Sometimes hitting the bottom of the charts can work to your advantage. In 2009, when India appeared fourth from the bottom of a list of school learning outcomes — after Kenya, Uganda, Nigeria — it caught the attention of the founders of Bridge International Academies.
India lagged behind what was expected of a country of its stage of development and dimension. It was close to the worst performers in learning levels and outcomes. Co-founders Jay Kimmelman and Shannon May began to look at India closely to see why public education systems were failing children.
While working on her PhD in rural China, May had noticed the lack of basic education that children in under-privileged communities received. In 2007, the two travelled through sub-Saharan Africa and found the same story.

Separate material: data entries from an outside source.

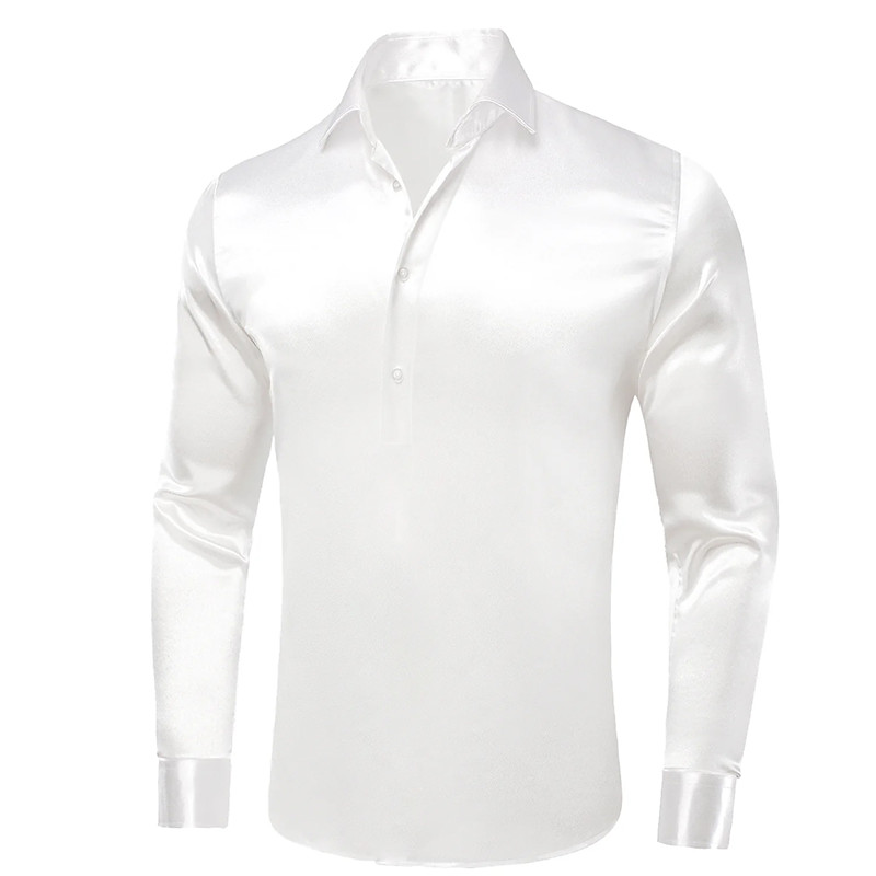 Men's Shirt Silk Like Satin Shirt Dress Shirt Casual Shirt Prom Shirt Plain Formal Wedding Black White Red Royal Blue Long Sleeve Lapel Spring Fall All Seasons Clothing Apparel Plain
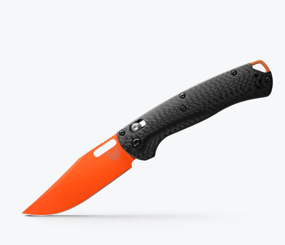 Take your ultralight game to the next level. Inspired by the insanely popular Bugout®, the all-new 15535OR-01 Taggedout® is our first knife to feature CPM-MagnaCut steel, fusing the high-hardness strength and toughness of a tool steel with the corrosion resistance of a super-stainless marine blade. Outfitted with premium carbon fiber handle scales for added rigidity and strength, along with an orange anodized lanyard backspacer, this new Taggedout® can handle the wildest of wilderness tasks.
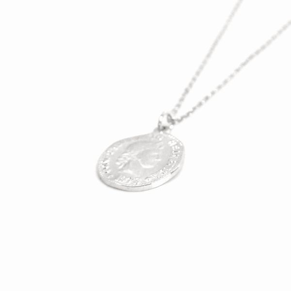 | 英国女王をイメージしたモチーフの変形コインペンダントネックレス♪ ゆるく歪んだコインがとても可愛く、胸元を美しい輝きで華やかに演出します◎ どんなスタイリングにも相性抜群なのでデイリーはもちろん、ちょっとしたパーティーにもお勧めです☆ ※表と裏は同じ絵柄になります。 |
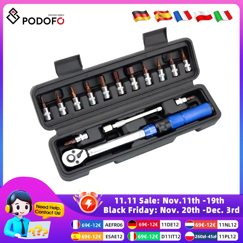 Podofo High-Precision Torque Wrench Set 2-24 NM Adjustment Dual-Direction Ratchet
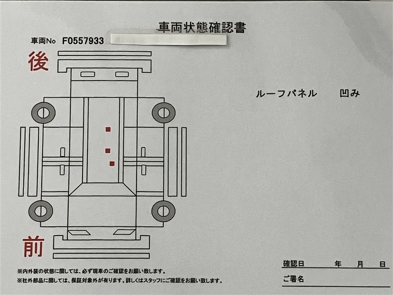 - 「定期点検整備なし(要整備箇所あり)」の場合、整備箇所につきましては、販売店へお問合せください。

By 2010, when Sujatha Muthayya, now 42 and vice president for policy and partnerships for the outfit, came across Bridge International Academies, it was already operating in Kenya and Uganda, two educationally backward countries,
After spending a decade in Indian education, Muthayya had started questioning what she was doing and whether it had any impact whatsoever. She realised that many good initiatives in the sector started with a bang and fizzled out. A majority failed to achieve any scale. “I was increasingly cynical about anyone who made tall claims about large scale transformation”, she said.
But Bridge presented a unique opportunity. One, it would give her the chance to work in other equally needy countries that provided a good mirror for comparison with India. Two, Bridge’s programme could make some impact as its focus was on “impeccable execution”. Scale, of course, might be harder — there are 600 million children worldwide who don’t get the education they ought to — but at least some impact would be visible.
In 2015, Muthayya joined Bridge International Academies and started working on its projects in Kenya with the intention of bringing its work to India. The organisation had by then worked with 155,000 first generation learners in Kenya, Uganda and Nigeria. Lessons had been learnt that could be applied in India.
By then, its results had been acknowledged and it had become a part of the global conversation. In Kenya, Bridge pupils outperformed the national average by over 10 percentage points in 2017. In Uganda, pupils scored over 93 per cent compared to a national average of 56 per cent. In Liberia, Bridge students were found to learn twice as fast as their peers.
Slowly but surely, Bridge was being pulled into the global debate with the United Nations and other multilateral organisations beginning to acknowledge its work.
In India, what stood out for Bridge were two trends. First, parents were highly aspirational for their children and saw education as a means to an end.
Second, a massive migration out of government schools into private schools was taking place, accompanied by a desire that children should learn English for a better destiny.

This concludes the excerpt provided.